Waste less repurposing stuff for your garden:
- Used polythene pipe can be formed into hoops and pegged into the ground. Throw over birdnetting or old net curtains to protect against birds or insects.
- You can cut the bottoms out of large clear plastic juice or oil containers and place them over seedlings for a warmer early start in the garden. It helps with slug control too. Wash and recycle them when you no longer need them.
- Rescued windows or polycarbonate roofing can be re-used to make coldframes or a glasshouse if you have some basic carpentry skills.
- Used reinforcing iron, reinforcing mesh, bamboo, hazel, willow or manuka stakes make plant supports rather than buying plastic or new metal supports. A simple tepee shape of 3 or 4 poles fastened at the top works well. Bits of old trellis are also useful. All sorts of old pipe structures or pallets placed vertically can be repurposed as supports for climbing plants.
- Old panty hose cut into strips, T-shirt yarn, reused twine or string are all great plant ties. Tyre inner tubes make heavier duty ties for staking and training trees.

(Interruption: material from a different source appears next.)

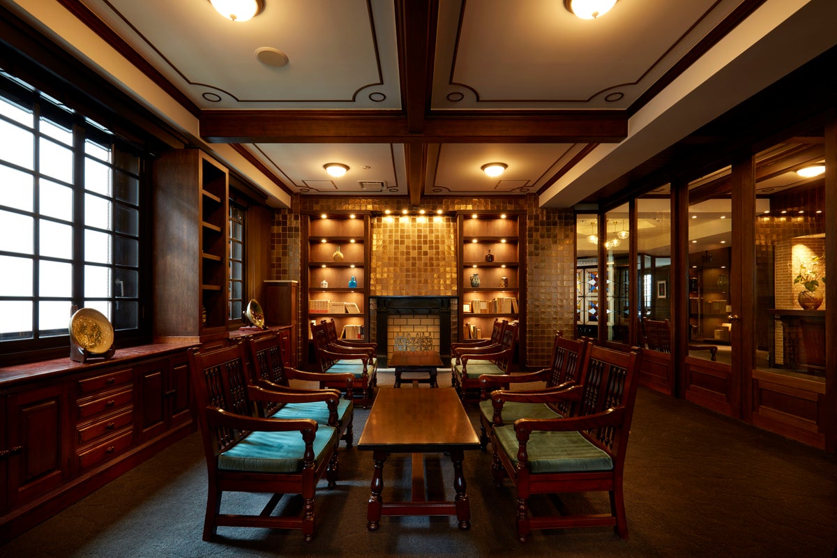 松本民芸家具を中心に各地の民芸品と出会えるロビー談話室。そこにいるだけでそっと民藝の世界に引き込まれる空間は、誰もが心落ち着ける場所となる。

- If you don’t have permanent vege beds (maybe you rent) you can make temporary beds out of things like old drawers or suitcases, used wool bales, old planter boxes, big containers, half barrels. Basically anything non-toxic that you can fill with suitable organic matter, soil, compost. Avoid customwood because it swells with moisture. If whatever you are using doesn’t drain, put a layer of stones, broken china or terracotta in the bottom. The nicer pieces can be saved for mosaics
- Used tyres work too You can make potato (tomato or strawberry) towers by stacking old tires and filling them with the tuber/plant plus straw,soil, and compost. Likewise form a cylinder with old wire netting. Google instructions for these space-saving towers.

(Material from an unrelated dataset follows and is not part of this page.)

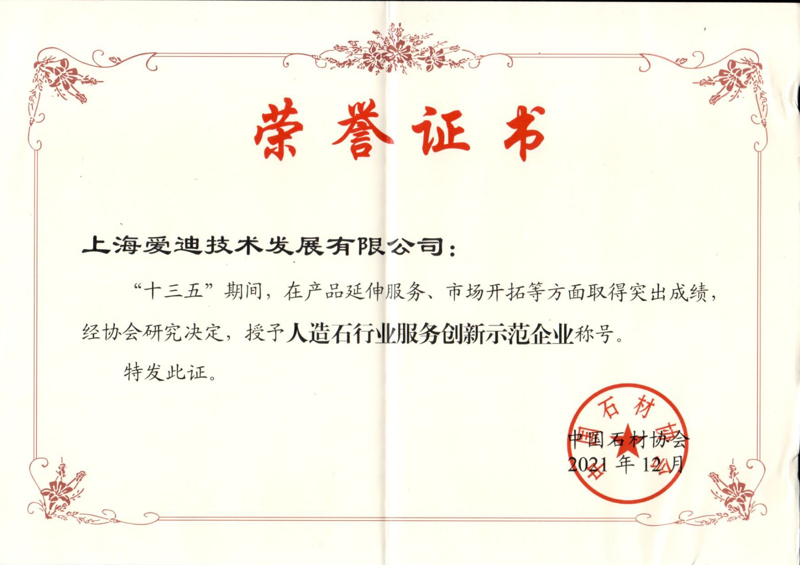 人造石行業服務創新示范企業

- Drawstring plastic mesh bags (like onions come in) placed over bunches of fruit stops birds depriving you of that delicious tree-ripened fruit.
- Left over acrylic paint can be used to seal pruning cuts.

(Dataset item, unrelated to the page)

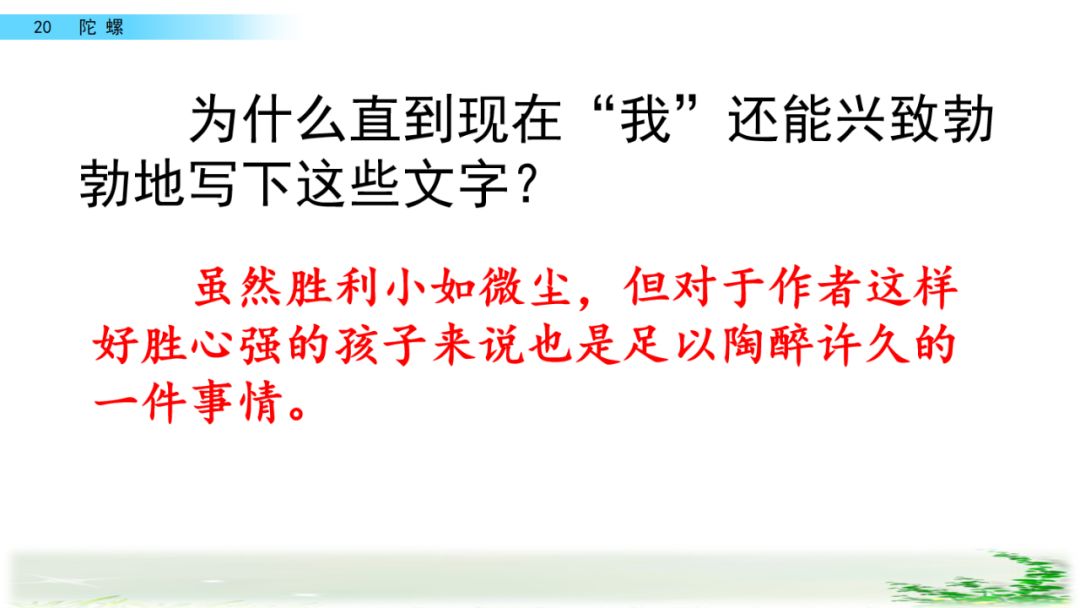 虽然胜利小如微尘,但对于“我”这样好胜心强的孩子来说也是足以陶醉许久的一件事情,句子写出了“我”当时十分高兴的心情。

- Old woollen carpet can be laid down to suppress weeds around plantings or just areas that aren’t planted yet.
- Smashed china or terracotta can be given to mosaic artists or put it at the bottom of poorly drained plant containers.
Waste less propagating plants and growing from seed:
- Did you know you can get free tomatoes by sticking tomato laterals in the ground as soon as you take them off. A good proportion will strike.
- Other veges can regrow if you harvest the stalks but leave or replant the roots. Give spring onions, leeks, bok choy, celery, lettuce and fennel a go.
- All sorts of plants are actually easy to propogate if you know how
- Lots of seeds are easy to save and grow from year to year. Be aware that hybrid seeds don’t necessarily turn out as you expect.
- The seed containing pulp of tomatoes, pumpkin, melons and cucumber can just be scraped onto a paper towel. Fold it over or lay another sheet on top and put it somewhere sunny and dry.
- Even easier is letting a few plants that readily go to seed like coriander, cottage garden flowers and lettuce self seed throughout your garden. If you don’t like it where it is pull it out later (remember it is probably stopping a weed growing there) or transplant it elsewhere.
- Join the seed library so you can swap seed and get to try different heritage varieties.
- Re-use plant pots for your seedlings. Toilet roll inners, or pots folded out of waste paper have the advantage of being able to be planted with your seedling to reduce transplant shock. Re-use plastic plant labels or write on saved popsicle sticks. Use takeaway chopsticks as row markers (although hopefully you carry your own reuseable cutlery)
Waste less water:
Rainwater collection is very easy from the guttering of your house shed or garage for outside use. Store in repurposed plastic barrels or drums. Elevate if you want some pressure Add comfrey or other ingredients like manure or seaweed if you want to make liquid fertilisers. Soapy water collected from the shower or washing up can be splashed over aphid-infested plants.